• [Supplied information]:
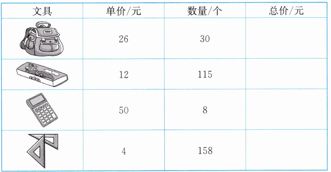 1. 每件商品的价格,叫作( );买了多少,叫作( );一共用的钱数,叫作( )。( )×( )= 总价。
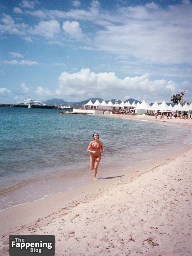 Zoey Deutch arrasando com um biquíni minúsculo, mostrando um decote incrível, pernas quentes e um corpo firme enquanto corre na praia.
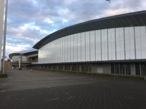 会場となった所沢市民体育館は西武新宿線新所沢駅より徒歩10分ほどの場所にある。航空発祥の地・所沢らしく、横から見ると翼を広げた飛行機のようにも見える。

• [About this exercise]: Copy only this, please: the line with "Zoey Deutch arrasando" and every line after it through the end of the data, with no pictures.

• [Response for this exercise]:
 Zoey Deutch arrasando com um biquíni minúsculo, mostrando um decote incrível, pernas quentes e um corpo firme enquanto corre na praia.
 会場となった所沢市民体育館は西武新宿線新所沢駅より徒歩10分ほどの場所にある。航空発祥の地・所沢らしく、横から見ると翼を広げた飛行機のようにも見える。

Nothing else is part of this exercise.